*** Material provided ***
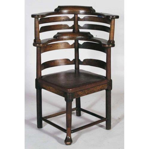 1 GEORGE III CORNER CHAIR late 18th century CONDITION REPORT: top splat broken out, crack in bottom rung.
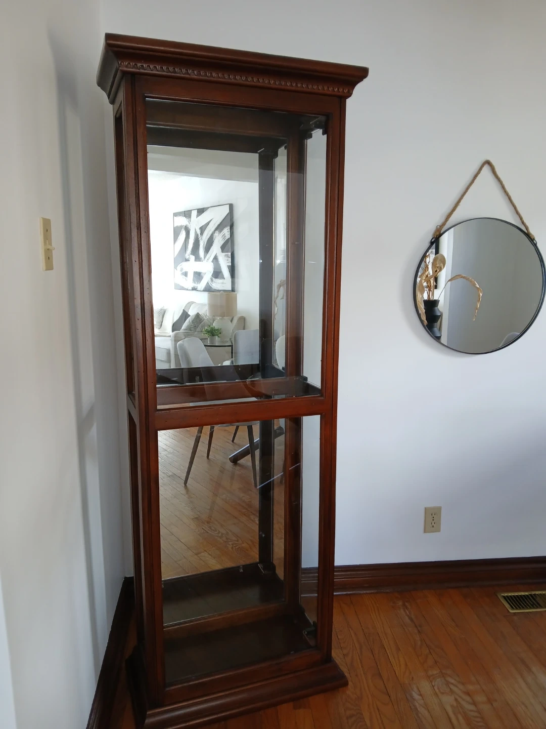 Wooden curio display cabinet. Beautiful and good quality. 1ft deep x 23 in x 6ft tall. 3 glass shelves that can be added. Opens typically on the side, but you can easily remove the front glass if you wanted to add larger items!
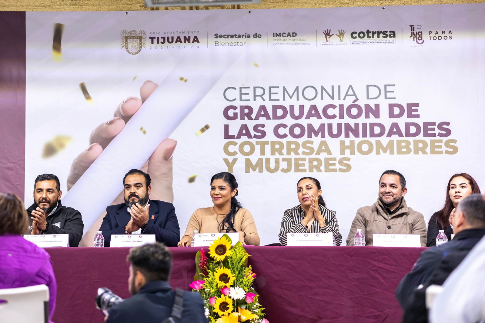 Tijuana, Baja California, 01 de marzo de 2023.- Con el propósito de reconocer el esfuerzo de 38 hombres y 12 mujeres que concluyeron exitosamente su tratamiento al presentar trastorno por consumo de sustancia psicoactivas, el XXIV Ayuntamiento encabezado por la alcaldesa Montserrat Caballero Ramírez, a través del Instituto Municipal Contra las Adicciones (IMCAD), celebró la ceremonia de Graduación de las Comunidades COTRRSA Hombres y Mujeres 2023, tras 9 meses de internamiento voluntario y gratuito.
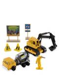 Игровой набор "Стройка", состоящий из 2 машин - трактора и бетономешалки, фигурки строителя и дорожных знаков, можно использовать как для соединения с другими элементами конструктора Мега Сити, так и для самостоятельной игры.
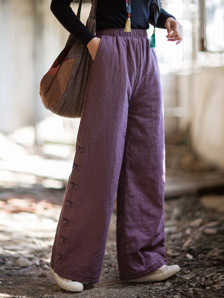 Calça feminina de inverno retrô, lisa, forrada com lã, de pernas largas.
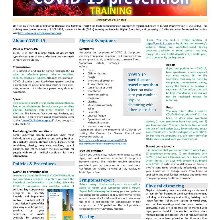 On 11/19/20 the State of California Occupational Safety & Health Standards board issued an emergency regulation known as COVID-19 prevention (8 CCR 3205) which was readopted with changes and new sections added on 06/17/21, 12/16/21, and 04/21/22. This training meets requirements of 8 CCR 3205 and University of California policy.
***
*** Material provided ***
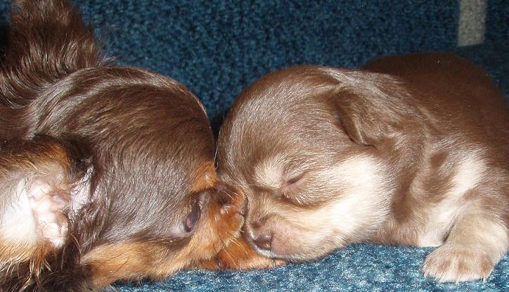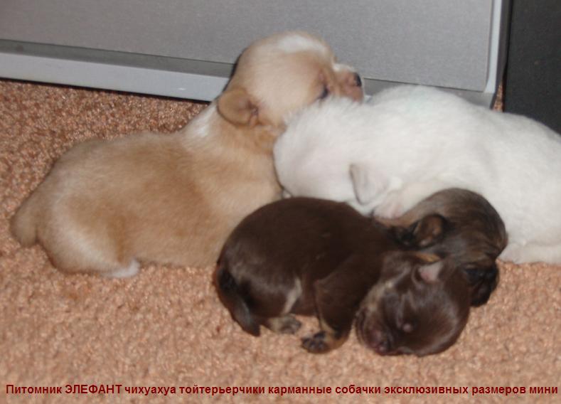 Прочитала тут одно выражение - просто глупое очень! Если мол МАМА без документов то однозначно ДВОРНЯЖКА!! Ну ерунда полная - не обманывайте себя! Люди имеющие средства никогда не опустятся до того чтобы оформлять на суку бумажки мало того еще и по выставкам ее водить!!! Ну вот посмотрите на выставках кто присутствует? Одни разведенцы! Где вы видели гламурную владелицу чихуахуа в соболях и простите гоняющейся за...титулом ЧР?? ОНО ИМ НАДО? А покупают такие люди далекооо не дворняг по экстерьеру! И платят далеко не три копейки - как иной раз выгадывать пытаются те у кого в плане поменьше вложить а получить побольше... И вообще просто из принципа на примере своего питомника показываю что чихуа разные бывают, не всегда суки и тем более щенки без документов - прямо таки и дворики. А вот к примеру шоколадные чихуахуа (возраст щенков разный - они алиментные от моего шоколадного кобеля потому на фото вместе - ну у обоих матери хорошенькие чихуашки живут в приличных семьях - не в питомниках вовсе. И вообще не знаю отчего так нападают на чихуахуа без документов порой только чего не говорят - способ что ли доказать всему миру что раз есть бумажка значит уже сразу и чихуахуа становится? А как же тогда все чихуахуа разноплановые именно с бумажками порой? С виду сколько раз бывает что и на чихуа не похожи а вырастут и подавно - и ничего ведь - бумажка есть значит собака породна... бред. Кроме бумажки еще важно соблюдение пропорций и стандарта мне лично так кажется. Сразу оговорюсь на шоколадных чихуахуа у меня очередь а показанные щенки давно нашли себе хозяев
***
*** Material provided ***
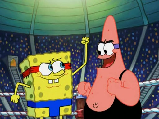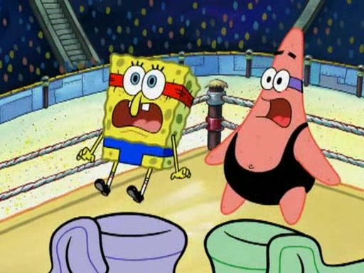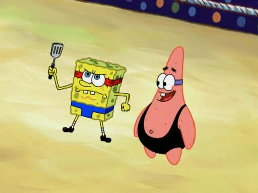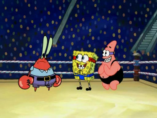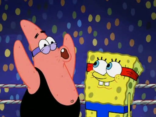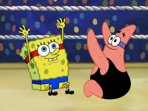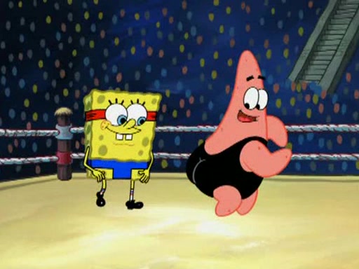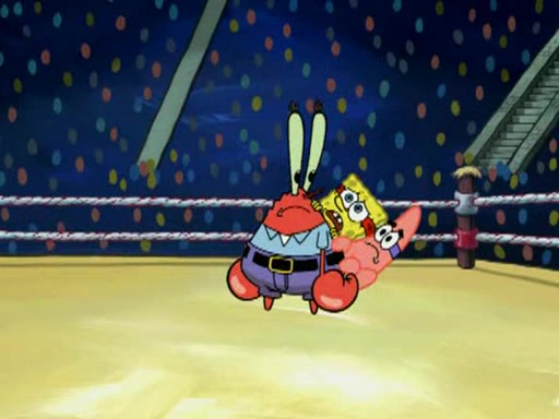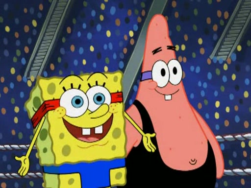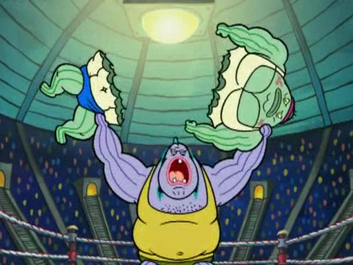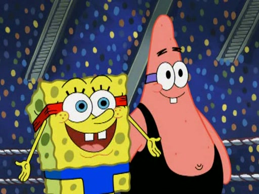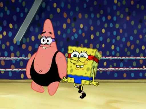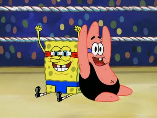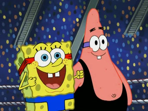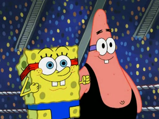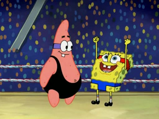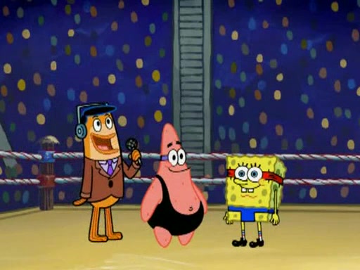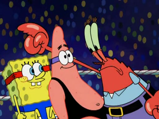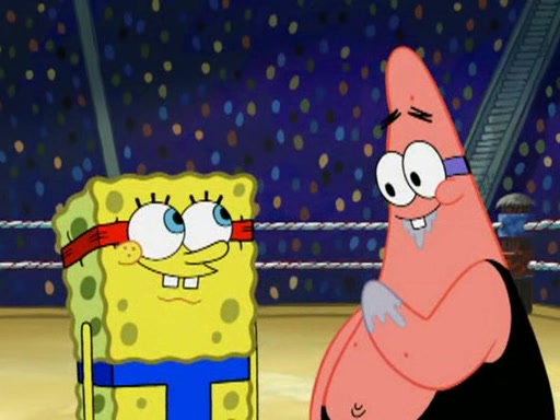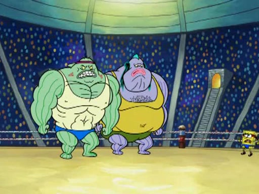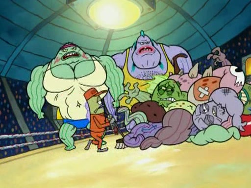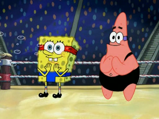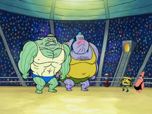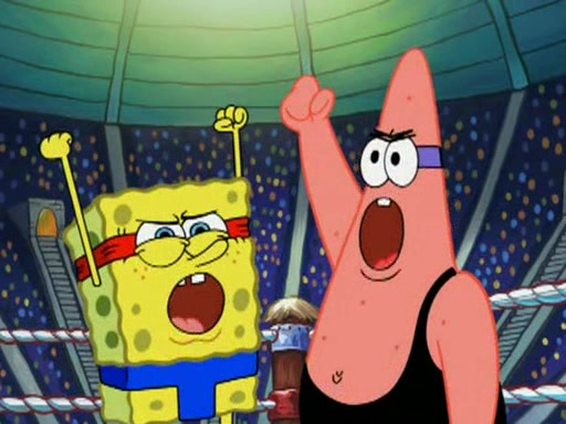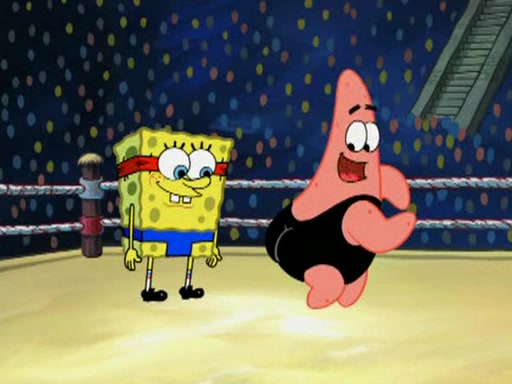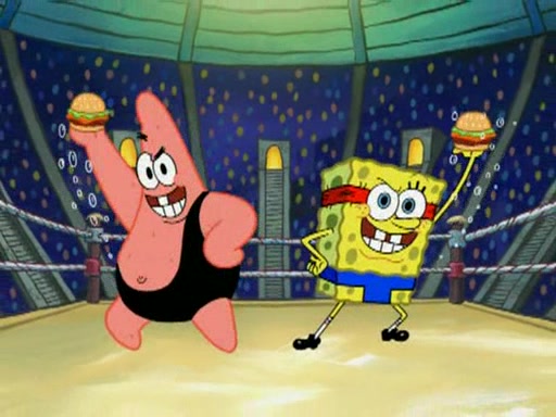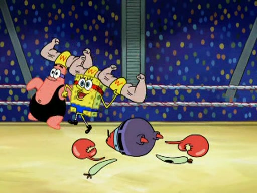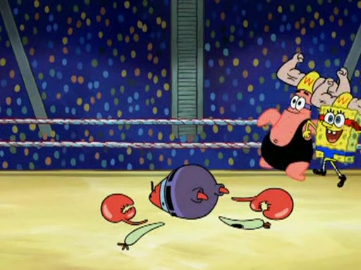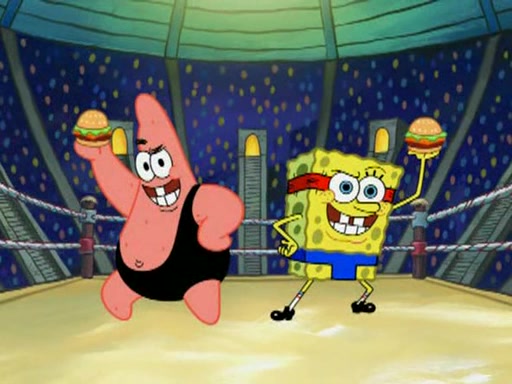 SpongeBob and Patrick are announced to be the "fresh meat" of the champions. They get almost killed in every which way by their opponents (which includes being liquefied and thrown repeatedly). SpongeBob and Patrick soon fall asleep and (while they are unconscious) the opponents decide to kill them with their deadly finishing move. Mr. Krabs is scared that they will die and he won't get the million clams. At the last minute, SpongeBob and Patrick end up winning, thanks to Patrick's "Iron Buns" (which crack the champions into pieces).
***
◆ Exercise details
In the entries above, find the line with "1 GEORGE III" and the line with "Wooden curio display". Return exactly those lines and all the ones between them, pictures excluded.

◆ Answer for this exercise
 1 GEORGE III CORNER CHAIR late 18th century CONDITION REPORT: top splat broken out, crack in bottom rung.
 Wooden curio display cabinet. Beautiful and good quality. 1ft deep x 23 in x 6ft tall. 3 glass shelves that can be added. Opens typically on the side, but you can easily remove the front glass if you wanted to add larger items!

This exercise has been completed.